The High Court’s Tainan branch yesterday overturned a death sentence on rape and murder charges against Hsieh Chih-hung (謝志宏) based on new findings from the Taiwan High Prosecutors’ Office after it restarted the investigation.
Hsieh was accused of being an accomplice to Kuo Chun-wei (郭俊偉) in the murder of a woman surnamed Chen (陳), 18, and a man surnamed Chang (張), 68, on June 24, 2000.
After first being found guilty in October 2001, Hsieh and Kuo had their verdicts and death sentences upheld in seven subsequent retrials, during which Hsieh maintained his innocence and said that his confession resulted from torture.
Photo: Wang Chieh, Taipei Times
In September 2018, the Taiwan High Prosecutors’ Office, citing new evidence that proved Hsieh’s innocence, filed for a retrial.
The High Court on March 14 last year accepted the petition and ordered Hsieh’s sentence to be temporarily suspended.
The court then granted a request to release Hsieh from the Tainan Detention Center, where he had been held since 2001, and began to hear the new case presented by prosecutors, before delivering the verdict yesterday.
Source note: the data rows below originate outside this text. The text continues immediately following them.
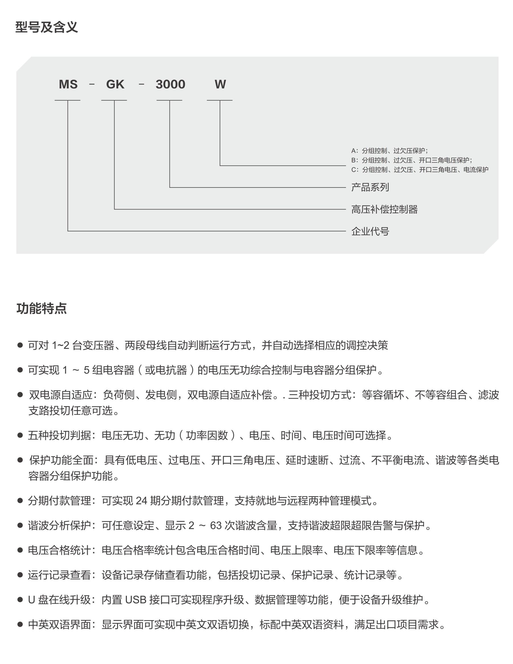 MS-GK 系列高壓無功補償控制器,采用控制與保護一體化設計,主要適用于 6 ~ 35KV 變 電 站,可滿足 1 ~ 2 臺主變、1 ~ 5 組電容器(或電抗器)的自動控制與保護需求,支持滿足負荷側(或發(fā)電側)對于感性(或容性)負載現(xiàn)場的無功補償需求。三種投切方式、五種投切判據(jù),支持分期付款管理、USB 在線升級、無功補償云管理。保護功能包括:過壓、欠壓、開口三角電壓、延時速斷、過流、不平衡電流、諧波等保護功能。
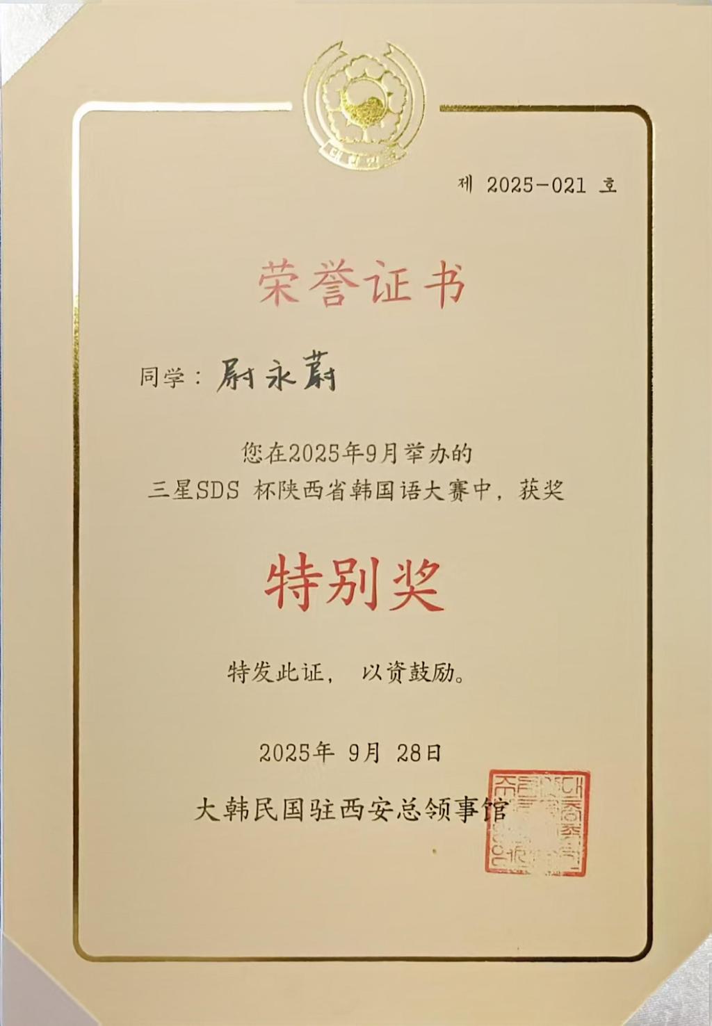来自省内多所高校的15名选手脱颖而出,晋级个人赛决赛。在当天的比赛中,best365朝鲜语专业学生尉永蔚作为首位出场选手,沉着应战,以稳健的台风、流畅的表达和富有感染力的表现赢得了评委们的高度认可。经过主题演讲和Free Talking两轮比拼,尉永蔚同学发挥出色,一举夺得由大韩民国驻西安总领事馆为本届大赛特设的唯一奖项——领事特别奖,展现了best365学子的优秀语言素养与综合能力。
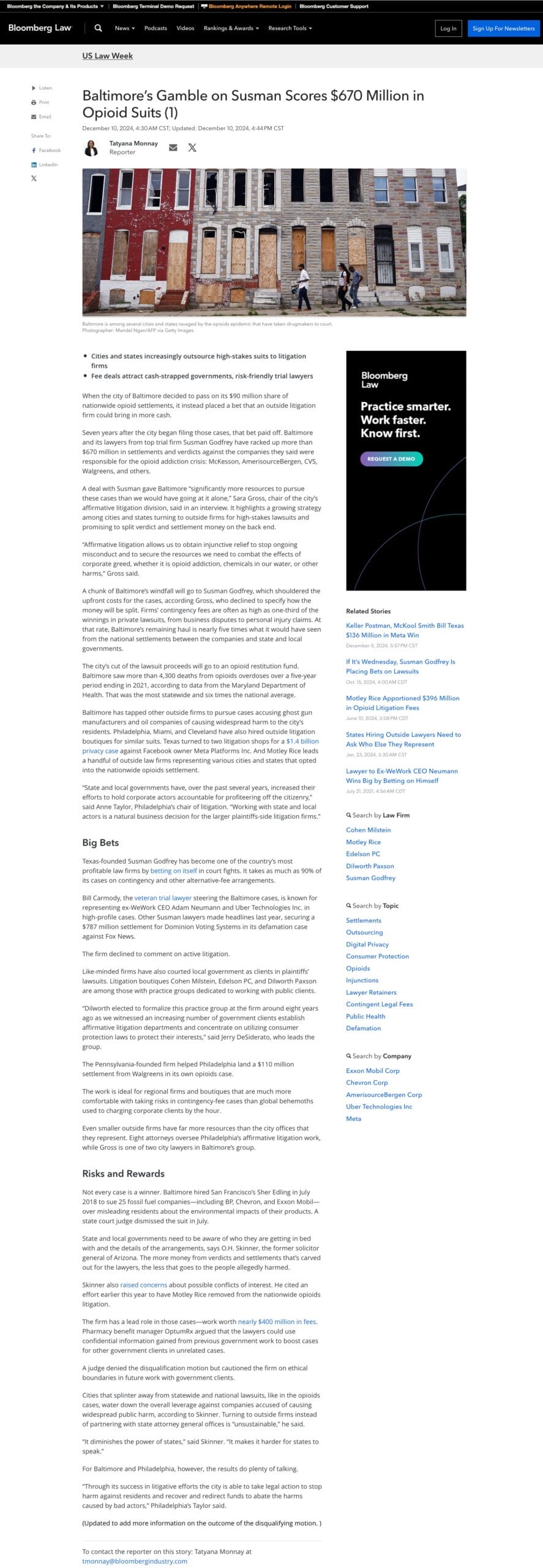 - ^ Monnay, Tatyana (2024-12-10). "Baltimore's Gamble on Susman Scores $670 Million in Opioid Suits". Bloomberg Law. Retrieved 2026-02-13.
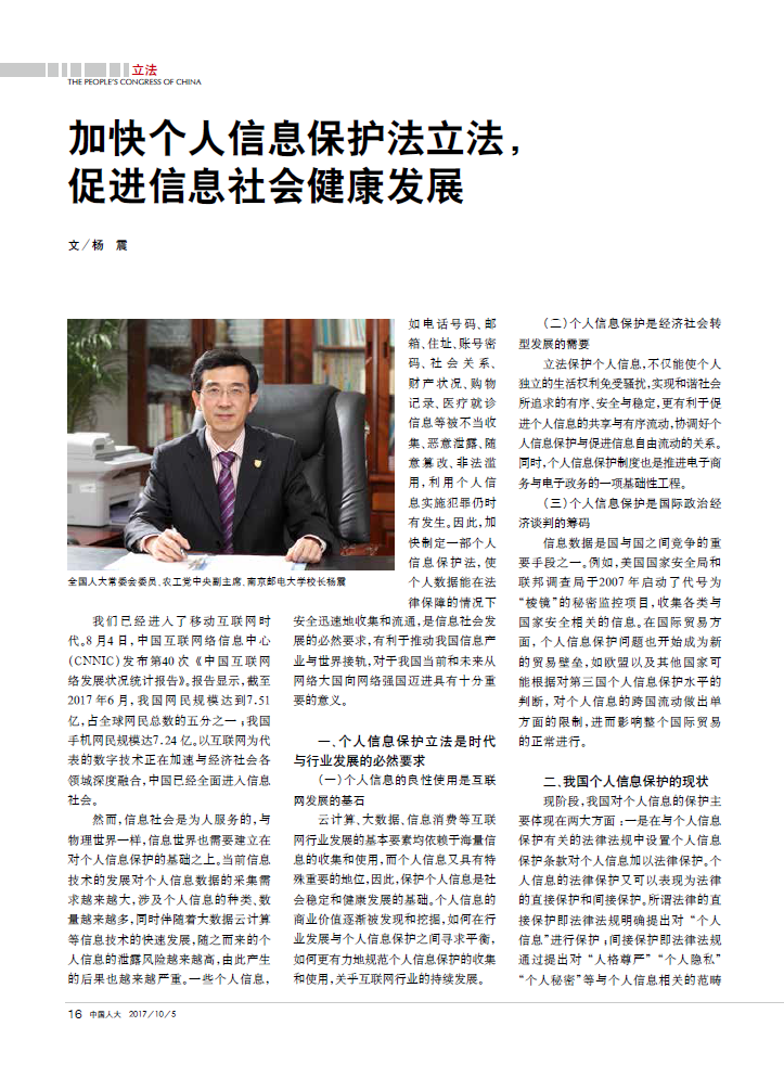 【中國人大】加快個人信息保護法立法,促進信息社會健康發展
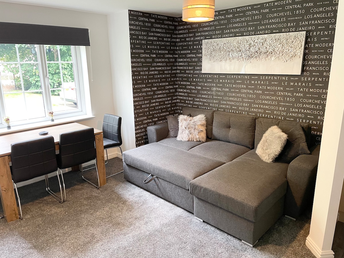 Este apartamento de 2 dormitorios es un hermoso y moderno «hogar lejos de casa» con todas las comodidades útiles. El apartamento Chantry Waters tiene una ubicación céntrica, cerca del centro de Wakefield, la galería Hepworth, Tileyard North, el río Calder y las rutas de senderismo y ciclismo del canal. El parque de esculturas de Yorkshire está a 15 minutos en coche. El apartamento cuenta con aparcamiento seguro en garaje. Estamos a 7 minutos a pie de la estación de tren de Wakefield Kirkgate. El apartamento se limpia a fondo antes de cada uso.
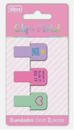 Clips de Metal com 3 unidades – Tilibra 3 unidades de clips de metal com frases e desenhos super fofos. Super útil para organizar seus papéis.
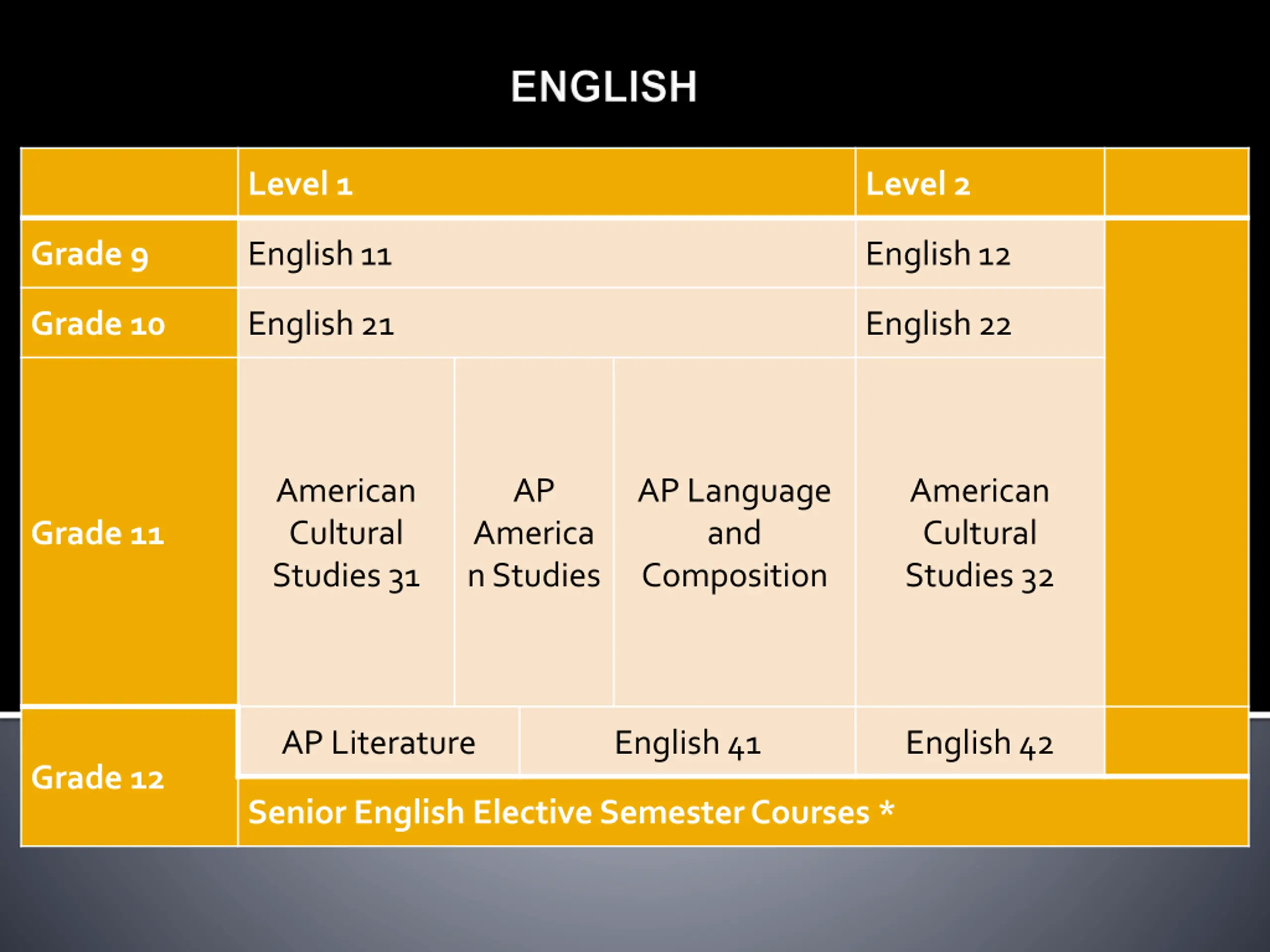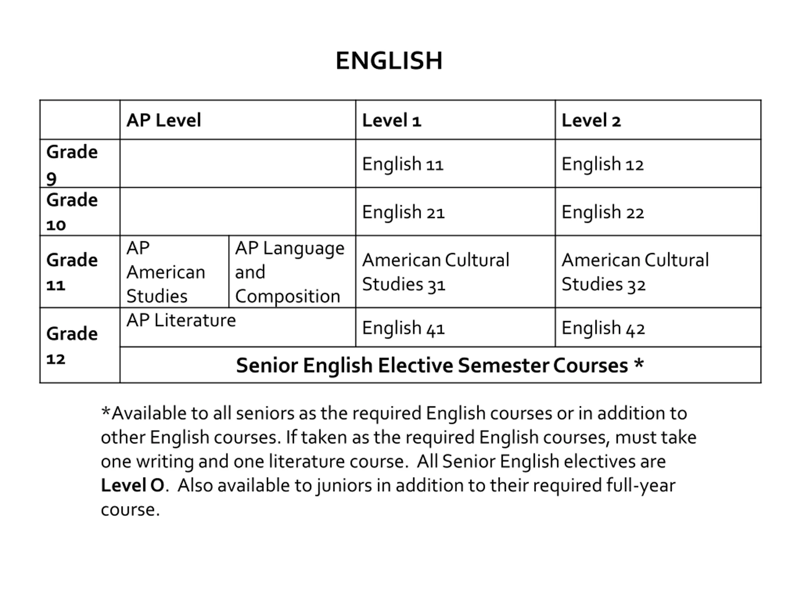 ENGLISH AP Level Level 1 Level 2 Grade 9 Grade 10 English 11 English 12 English 21 English 22 AP American Studies AP Literature AP Language and Composition Grade 11 American Cultural Studies 31 American Cultural Studies 32 English 41 English 42 Grade 12 Senior English Elective Semester Courses * *Available to all seniors as the required English courses or in addition to other English courses. If taken as the required English courses, must take one writing and one literature course. All Senior English electives are Level O. Also available to juniors in addition to their required full-year course.

Photo: Wang Chieh, Taipei Times
Yesterday’s decision stated that because the police had not recorded either of Hsieh’s interrogation sessions and could provide little to no corroborating material, the interrogation was in breach of the Code of Criminal Procedure (刑事訴訟法).
Hsieh’s confession could therefore not be used as evidence, it said.
Kuo had accused Hsieh of being his accomplice and passed polygraph testing, but the court said that the testing should only point to Kuo’s credibility and not be considered proof of it.
Given that Kuo was diagnosed with antisocial personality disorder, the court dismissed the polygraph results.
A coroner’s examination of the victims’ bodies found wounds of various depths and stated that it was possible that there might have been more than one perpetrator, but it is reasonable that Kuo committed both murders, the court said.
The collegiate bench convened to preside over the case yesterday cited these reasons as grounds for finding Hsieh innocent.
The ruling can be appealed.
Hsieh, after exiting the courthouse yesterday, bowed in the direction of the bench, saying that he also wished to thank his lawyer, Yeh Chien-ting (葉建廷), for using his situation as a case study for his class and for bringing it to the attention of Lan Chin-lung (藍錦龍) of the Yilan County forensics office.
Hsieh also expressed thanks to the Taiwan Innocence Project and lawyer Tu Hsin-cheng (涂欣成), both having helped with his case.
“Please don’t look at death-row inmates as criminals, but as people, and let them have the chance, as I did, to look into their case again,” Hsieh said.
Prosecutors said that they would determine whether to appeal the ruling once it receives the verdict.